А ничего. Время покажет, что делать.
Склонив набок голову, подперев щеку ладонью, Лера, вздыхая, думает о Монгульби.
…Монгульби… Монгульби… Василий Адамович.
Она впервые увидела Монгульби в конторе колхоза двенадцать дней назад.
Сидел за своим столом нестарый красивый человек в кепке. Она вошла и стала объяснять, зачем приехала. Он слушал и молчал. Непонятно было, как он относится к обследованию колхозной библиотеки – хорошо или плохо? – и что он об этом думает. Может, рад: «Вот и о нас вспомнили!» А может, бранится про себя: «Провались ты пропадом вместе со своей библиотекой!»

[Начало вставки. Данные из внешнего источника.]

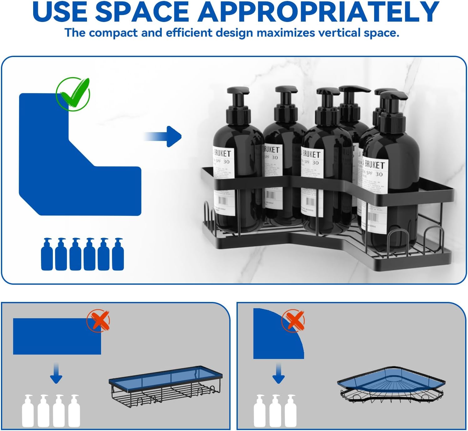 Рафт за душ, без пробиване, 4 части, черен (SM+1), рафт за душ, въглеродна стомана, с лепило, държач за шампоан за душ, кошница за душ, устойчива на ръжда, аксесоари за държачи за душ, баня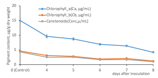 Chlorophylls (a, b) and total carotenoids level dynamics in wheat leaf rust-inoculated leaves measured via VIS-NIR spectrometry by Lichtenthaler and Buschmann (2001); LSD 0.05 = 1.1 [18].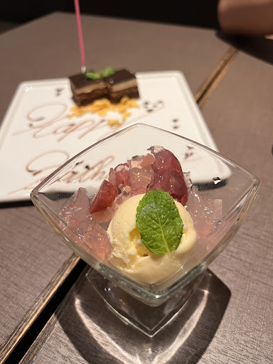 We visited during lunch hours and there are only 3 types of beef to choose from. 2 Kobe beef and another Japanese wagyu. We ended up getting the "Marbled Kobe" beef round and the "Japanese Wagyu" as the B course, which include hors d'oeuvres, soup, salad and dessert. The chef correctly assumed that we wanted to try both and offered to portion the different meats evenly and of course we accepted. We were asked how would we liked it cooked, I asked the chef how he suggests it should be prepared and he mentioned "medium" so we went with that. The hors d'oeuvres comes out first. It was beautifully plated seared tuna with pickled vegetables. The soup was next. It was mushroom based and was very balanced and subtle. After that was the salad. Honestly, it's just a plain ol' side salad. Acts as a good palate cleanser and nothing more. Then the chef brings out the beef. They let you take a picture of if before it goes on the grill. Well, it's a tease because the vegetables get grilled first. Then the beef goes on with a short "fire show". And finally you get to enjoy the beef. No one really cares about the grilled vegetables and you aren't coming here for that. Now to the beef, well, it's real Japanese wagyu alright. It certainly tastes the part. There's no mistaking the very distinct, sharp umami of real wagyu. However, these cuts of beef do not melt in your mouth. There is a chew to this cut, but it is still tender. I feel like this is very important to keep in mind if this is your first time trying the "legendary" Kobe beef. While I do prefer the A5 "melt in your mouth" version, I get flavor/texture fatigue from that and can only eat small amounts. This version is closer to extremely good regular steak texture. I did not tire of this and kind of wanted more after eating the whole thing. As far as the difference between the Kobe beef and regular wagyu go, it was very hard to tell. It was subtle and I lost track of which cut was which. Ultimately, one was ever so slightly more tender and flavorful than the other. I don't think you can go wrong with either. Dessert is served with tea or coffee at another table. We physically moved for this. And it was just ice cream......a relatively normal but clean finish to a great meal.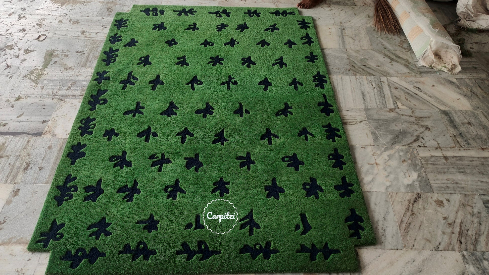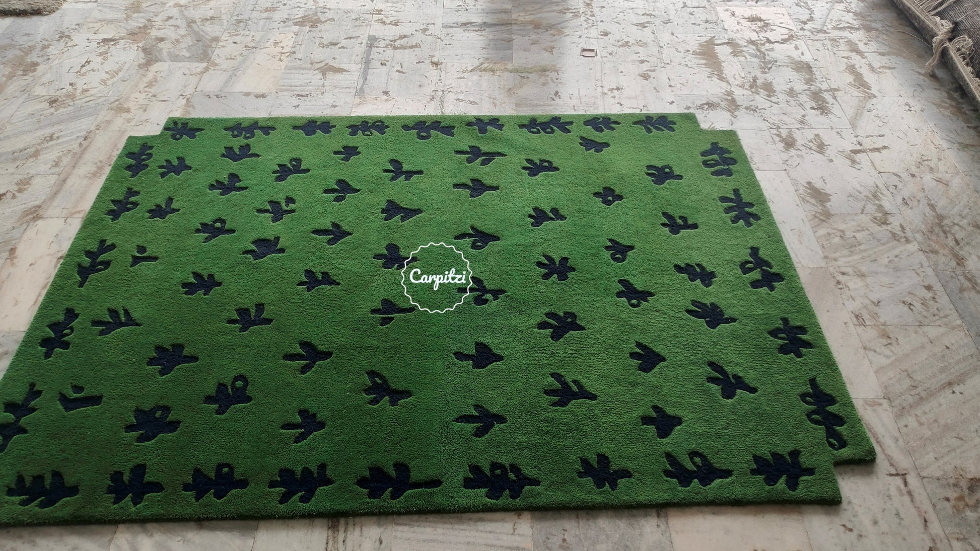 Green Botanical Hand-Tufted Rug – Modern Nature Pattern Carpet - 8x10, 9x12 Rug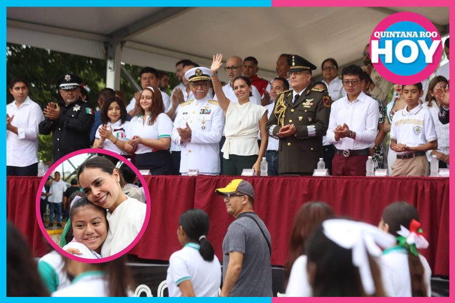Este colorido acto dio inicio a las 08:00 horas, con la avanzada de motocicletas de Tránsito Municipal y el Club de Automóviles Antiguos de Cancún, quienes iban acompañados de la Banda de Guerra, seguido de los bloques de las autoridades militares y del Ayuntamiento.
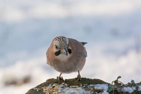 Eurasian jay (Garrulus glandarius) looking curiously with white snow in the background.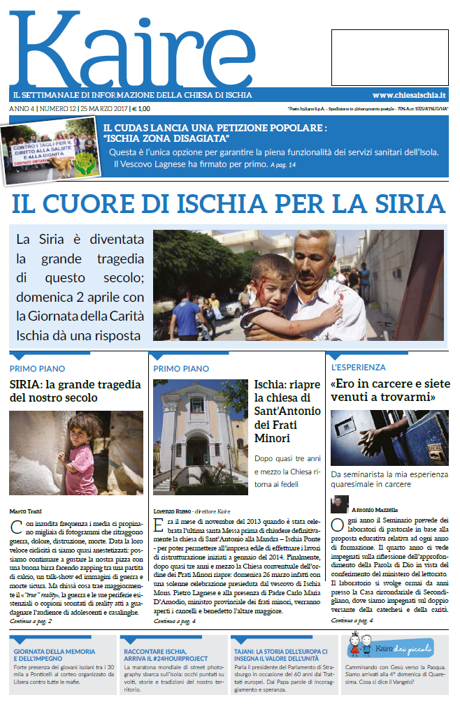 Kaire KAIRE 12 Anno IV 25 Marzo 2017 La prima pagina Kaire di sabato 25 marzo 2017 ARTICOLI CORRELATIALTRO DALL'AUTORE KAIRE 33 ANNO XII KAIRE 32 ANNO XII KAIRE 31 ANNO XII KAIRE 30 ANNO XII KAIRE 29 ANNO XI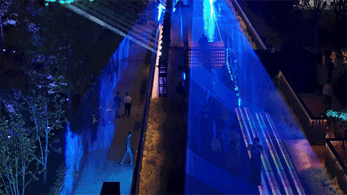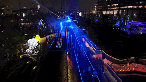 在“數(shù)之元”的棧橋之上,通過(guò)激光和煙霧,呈現(xiàn)出一條充滿未來(lái)感的科幻廊道,就像時(shí)空隧道一樣,將普陀區(qū)的悠久歷史與璀璨未來(lái)緊密相連。此外,公園內(nèi)還設(shè)有三處燈光秀,光影裝置會(huì)與人影互動(dòng),趣味十足,沉浸感滿滿。
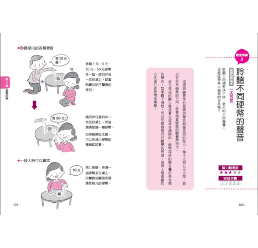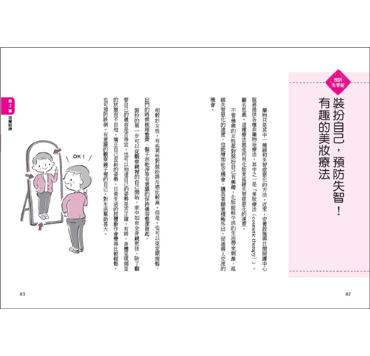 因此,本書儘量選擇進行起來愉快,且不會造成太大負擔,又能享受到成就感的內容進行介紹。練習帶來的成就感,會讓人有持續下去的動力。同時,遊戲式的內容設計也能增加訓練的樂趣。此外,本書也加入了有關失智症的重要資訊,幫助讀者正確認識失智症與預防失智症。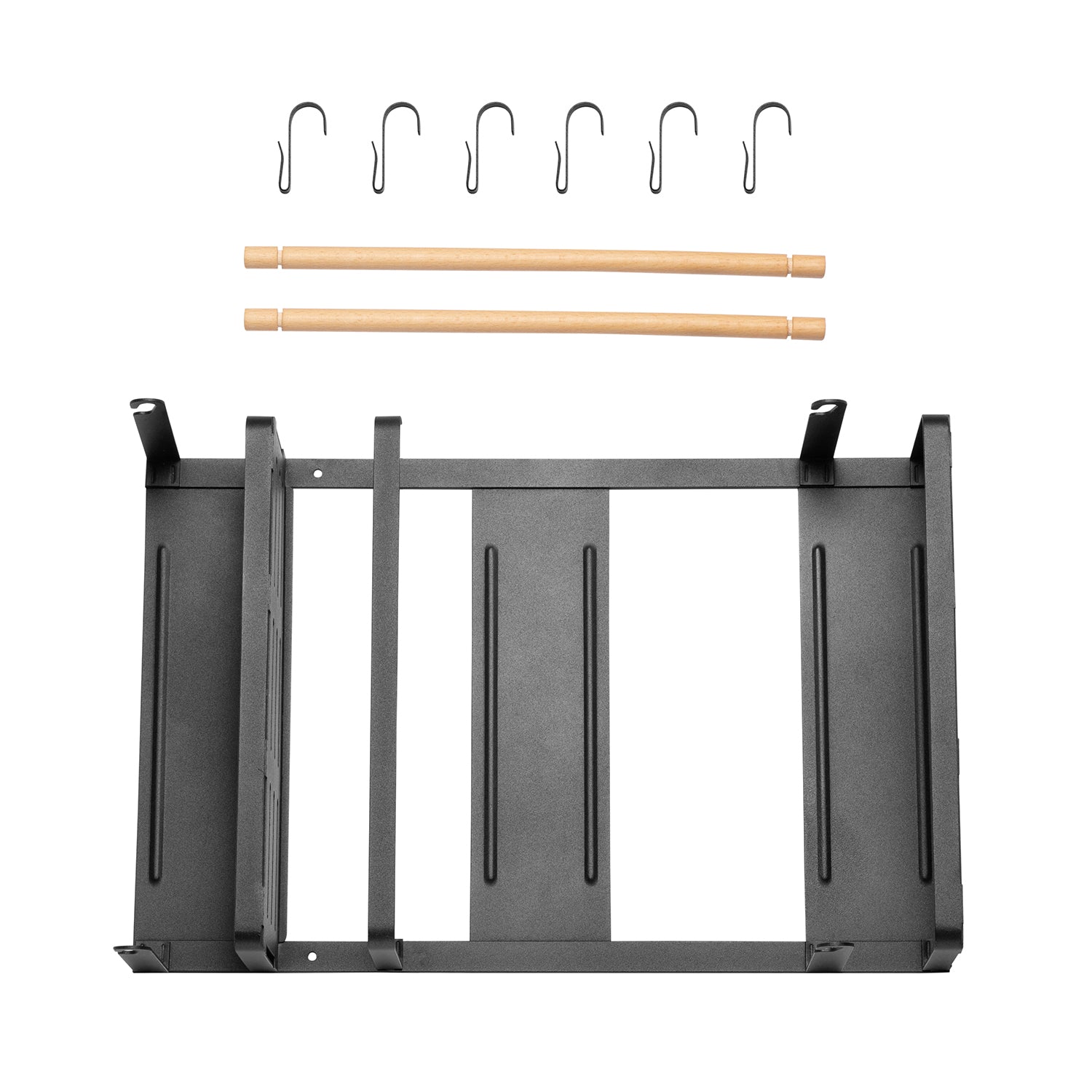 - 6 detachable hooks for hanging cups, glasses, or kitchen utensils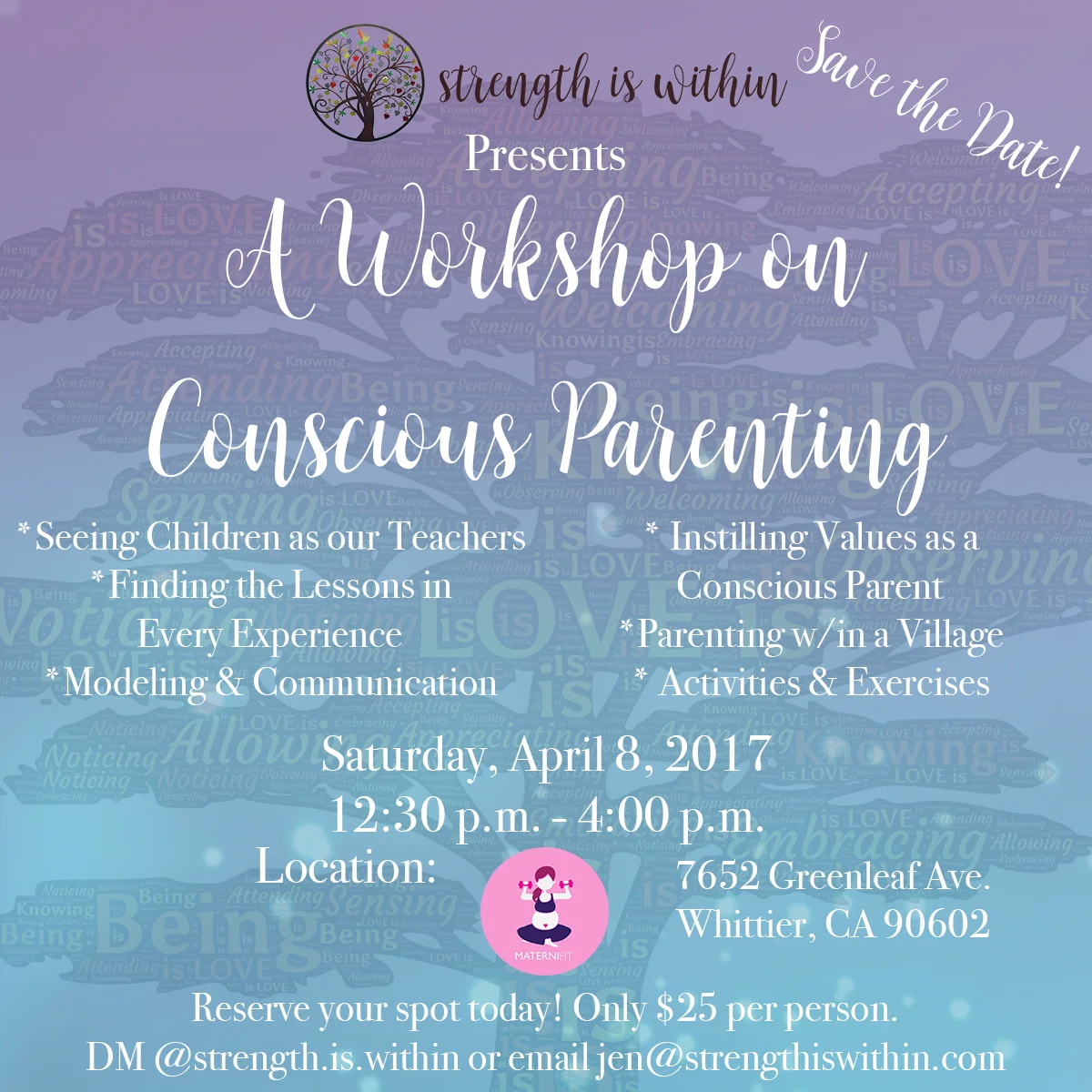Conscious Parenting requires us to be aware of our own behavior, engage our children as individuals, connect with our children by being fully present, and by providing loving discipline and guidance. In this workshop we will discuss the following topics: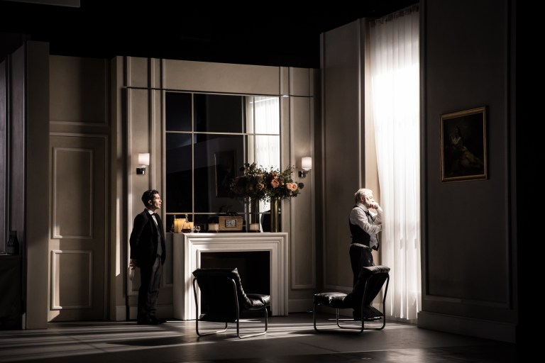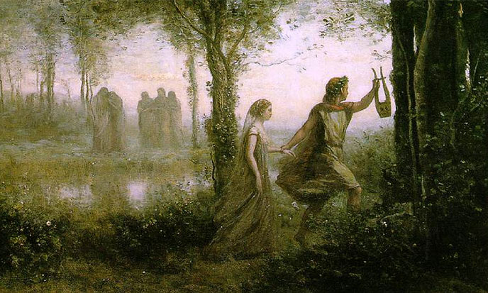 Les sons et l’odeur sont ceux d’un sous-bois, d’une campagne idyllique. Le rideau se lève sur un élégant salon bourgeois. Une longue table y est dressée pour un repas de fête. De hautes portes-fenêtres laissent filtrer la lumière du soleil au travers des voilages. Sur la droite, un coin cheminée au-dessus duquel est accroché un large miroir, à gauche un piano droit. Le tableau est juste au-dessus. C’est un Corot, «Orphée et Eurydice». Un gros plan sur cette image dinitie la face filmée de ce drame familial.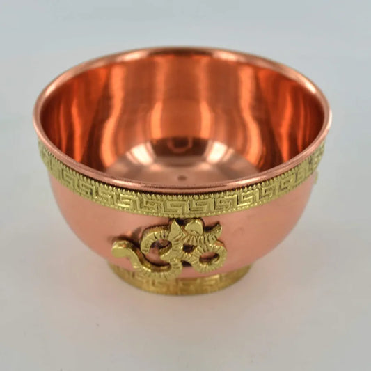Bol à offrandes cuivre + laiton Om (ॐ),porte encens sauge palo santo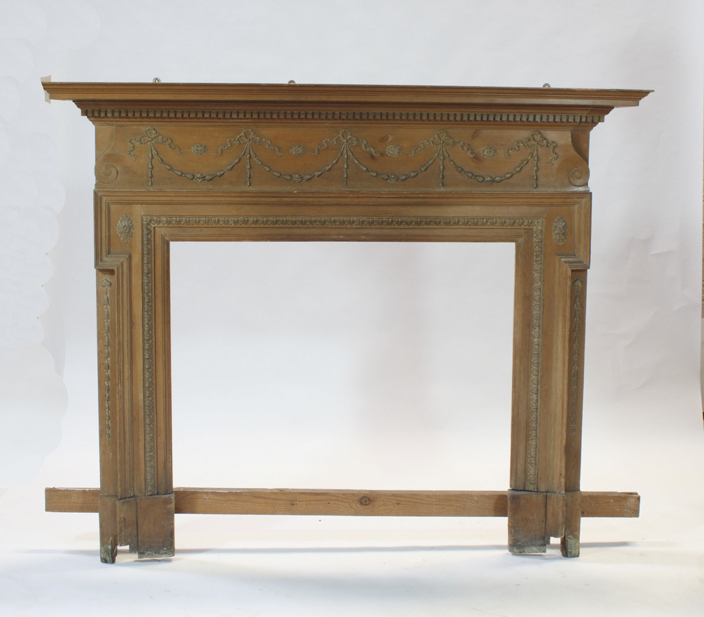 the projected moulded dentil mantle over frieze panel decorated with swags, moulded uprights with egg and dart surround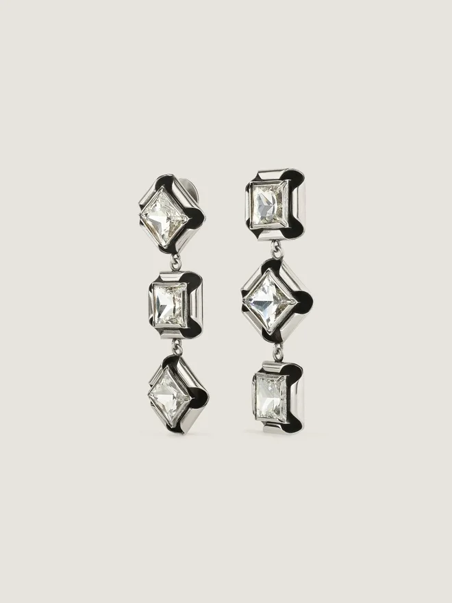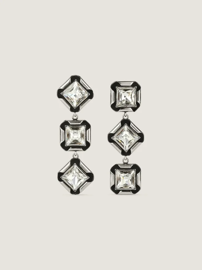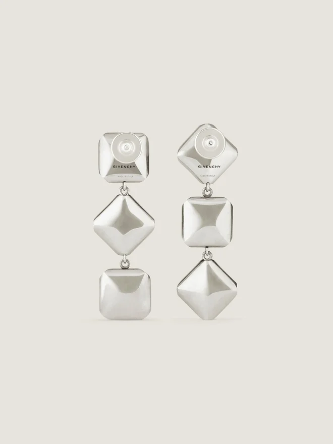 Ohrringe mit Anhänger aus silberfarbenem, oxidiertem Metall mit quadratischen und rautenförmigen Kristallen. „Deconstructed Crystals“-Linie. Givenchy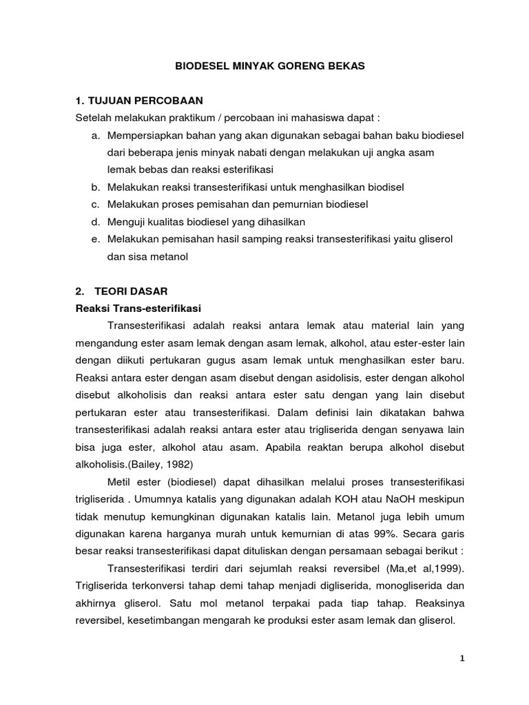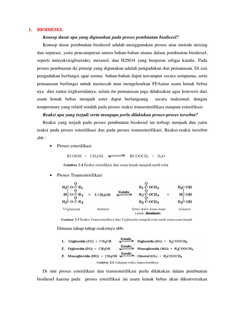 Transesterifikasi biasa disebut dengan alkoholisis adalah tahap konversi dari trigliserida minyak nabati menjadi alkyl ester melalui reaksi dengan alkohol dan menghasilkan produk samping yaitu gliserol. Kekuatan asam dari asam karboksilat hanya memainkan peranan kecil dalam pembentukan ester. Transesterifikasi adalah reaksi pertukaran gugus organik r 1 suatu ester dengan gugus organik r 2.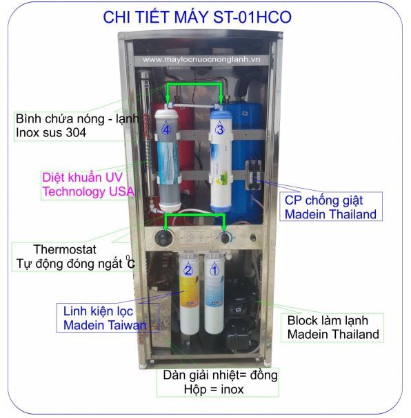| Hệ thống lọc qua 5 cấp | 1. Lõi lọc Sediment, 2. Lõi lọc GAC, 3.Lõi lọc CTO, 4. Lõi lọc nnano, 5. đèn diệt khuẩn UV |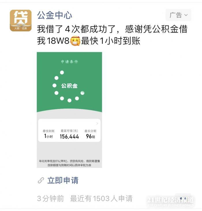 近期,21世纪经济报道记者在朋友圈看到一则“公金中心”发布的广告,再加上“我借了4次都成功了,感谢凭公积金借我18W8,最快1小时到账”以及“年化利率低至6%”的广告词,乍一看还以为是本地的公积金管理中心在放贷。

И вдруг скрипнула дверь, и в контору, как завсегдатай, вбежал младший сын Монгульби – Светозар (в штанах с лямками). Он вскарабкался на отцовское кресло и, сцепив руки, обнял сзади шею Монгульби, крепко надавливая руками на горло, на движущийся кадык (Так делают только дети – они еще не научились помнить, что дышат на свете не они одни.) Светозар от любви и от нечего делать все сильнее надавливал на отцовский кадык, потом лениво прижался щекой к отцовскому затылку, затянул: «Па-а-ап, а па-ап!..» – и, наморщив лоб, стал тереться носом об этот стриженый гладкий затылок.
Монгульби вел себя так, словно Светозара тут и не было. Молча, не дрогнув бровью, сносил удушье. Он был занят делом. Его странно неподвижное лицо по-прежнему ничего не выражало, ответы были короткие – каждое слово на вес золота…
Библиотекаршей в колхозе «Седьмое ноября» была Капитолина Монгульби.
После Лериного отъезда из колхоза в Тора-хем Монгульби Василий Адамович, председатель колхоза, заказал для Монгульби Капитолины, библиотекаря, четыре книжных шкафа, оторвал для этого плотника, снял его со строительства. Библиотека – дело передовое! Недооценивать нельзя!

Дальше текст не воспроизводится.